Collodion what?


Yesterday I was puzzling over the rise in the use of the word collodion as a term for early photographs. The term derives from the collodion process (or wet plate process) which allowed photographs to be made using glass plates rather than the metal plates used in daguerreotypes.

The collodion process meant that multiple images could be made from a single negative, rather than daguerreotypes which only allowed you to make a single image at a time.

Not surprisingly, the invention of the collodion process in 1851 took the world by storm and rapidly displaced the daguerreotype as the preferred photographic process. As can be seen from the advert above (from the Cardiff and Merthyr Guardian on 10 November 1854), people who continued to style themselves as daguerreotypists (because people knew what than meant) advertised that they in fact used the newer collodion process in their work.

The collodion process was what Lewis Carroll, an enthusiastic amateur photographer used to take his pictures of Alice Liddell.

So, in what contexts was the word collodion used?

I looked at Welsh Newspapers Online between 1850 and 1860 to look and see what word followed collodion. I only looked at the English language newspapers – the Welsh language newspapers are a confusing mixture of Welsh editorial and mixed English and Welsh language adverts.

And this is what I found

Collodion 7
Collodion Photographic 3
Collodion Plate 2
Collodion Picture 2
Collodion Process 10
Collodion Portraits 8

Most of the uses of collodion referred the mechanics of the process, plate, process, and so on, but quite a number referred to the use it was being put to, eg Collodion Portraits, to emphasise that the images were being taken with this new technique …

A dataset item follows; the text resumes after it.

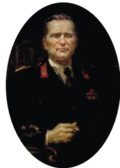
Η ίδρυση του Σλαβομακεδονικού Λαϊκού Απελευθερωτικού

Από την πρώτη κιόλας στιγμή της ίδρυσής του το ΣΝΟΦ, και ιδιαίτερα η οργάνωση Καστοριάς, πίεζε ασφυκτικά το ΚΚΕ να αναγνωρίσει στους σλαβόφωνους το δικαίωμα της αυτοδιάθεσης. «Γιατί εμάς δεν μας αφήνουν ελεύθερους να οικοδομήσουμε το δικό μας πολιτισμό και τα εθνικά μας ιδεώδη αφού και μεις αποτελούμε κάτι το ξέχωρο, δεν είμαστε Έλληνες, είμαστε Σλαβομακεδονική φυλή με διαφορετικά ιδεώδη, αλλά μας

So I then used the Google Ngram viewer with the British English Corpus for the period 1850-60 to compare the use of the terms collodion, collodion portrait and collodion plate with the terms daguerreotype and photograph


Which basically shows that the change was from daguerreotype to photograph. While collodion in combination with various words was used, this was in contexts to emphasise that the new process was used, rather then for the images themselves …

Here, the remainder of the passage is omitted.